Pricing: Starts at $25,000 for an entry-level device.
- Extensive API options allow integration into automated workflows; this is particularly important for the service provider customer, which was the company's historical customer focus.
- The vStack capability enables interconnection of VSS products into a single system, allowing autodiscovery and self-managed and redundant system mesh for monitoring redundancy and resiliency.
- Marketing and public relations are effective for VSS, but it often oversells the features and functionality of the NPB as a full-blown monitoring solution.
- Pricing is higher than that of many vendors in the market.
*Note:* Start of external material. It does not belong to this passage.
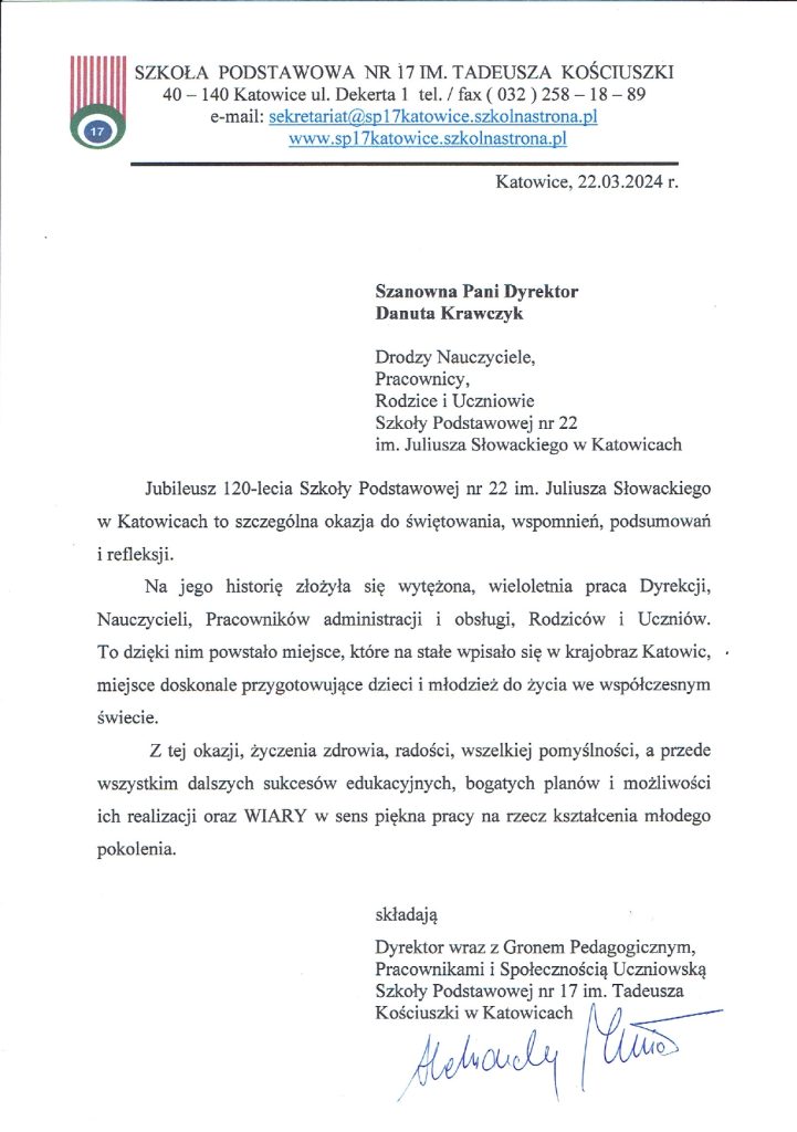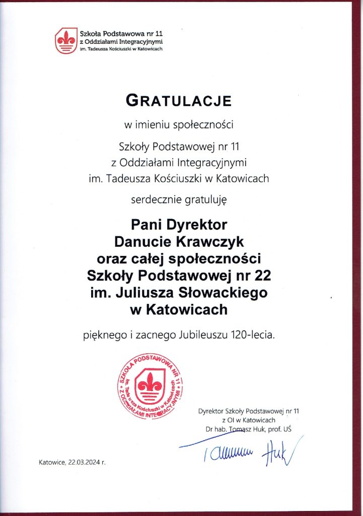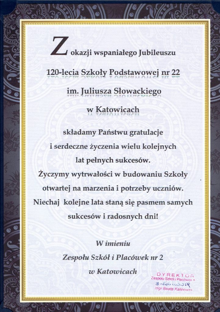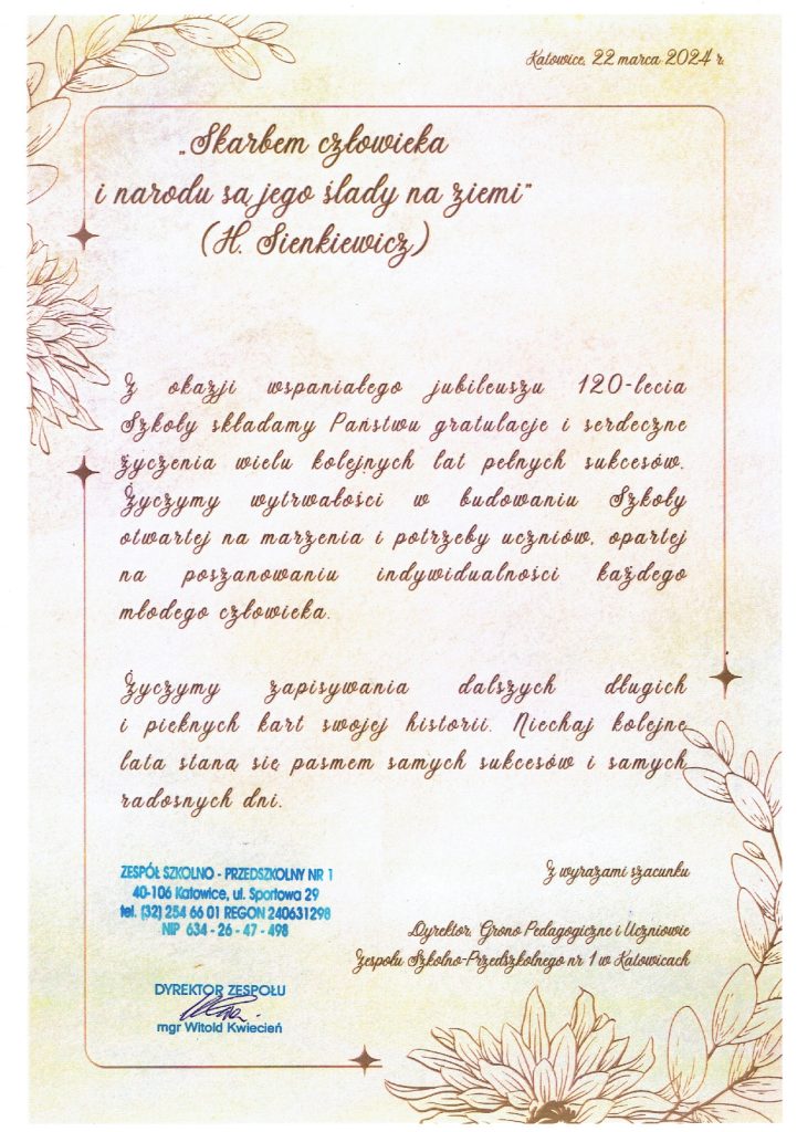 Chcieliśmy podziękować wszystkim, którzy w jakikolwiek sposób przyczyni się do sukcesu naszego święta, jakim był jubileusz 120-lecia istnienia naszej szkoły. Dziękujemy również naszym gościom za liczne przybycie oraz spływające do nas listy gratulacyjne i prezenty. Jesteśmy Wam bardzo wdzięczni.

Many networks are being upgraded and redesigned. Based on the design decisions implemented, the placement of monitoring tools must be accomplished easily in centralized locations where traffic flows through a central point, typically in the core. This is a good location for strategic NPBs, which enable better visibility and longevity of tool investments, including NPM, APM, security and network forensics.
These tools are implemented by several teams, but by having a prepared connection point, much of the implementation time for proof of concepts or testing of the products, as well as installation can be avoided. Data collected by these technologies is likely to contain sensitive information, and must be part of many audits. Avoid capturing raw packet data that contains sensitive information, or use more advanced methods of filtering to remove the security impact these technologies can have from an audit or a threat footprint.
With a diverse set of technologies in the NPM and NPB markets, there is room for continuing consolidation, as well as the expansion of capabilities by vendors to ensure that customers can garner the most value for their investments, and build a strategic relationship with the vendor. Paying close attention to the life span of these technologies and how they fit into your plans for network growth and your upgrade path is critical for making the best investment decisions.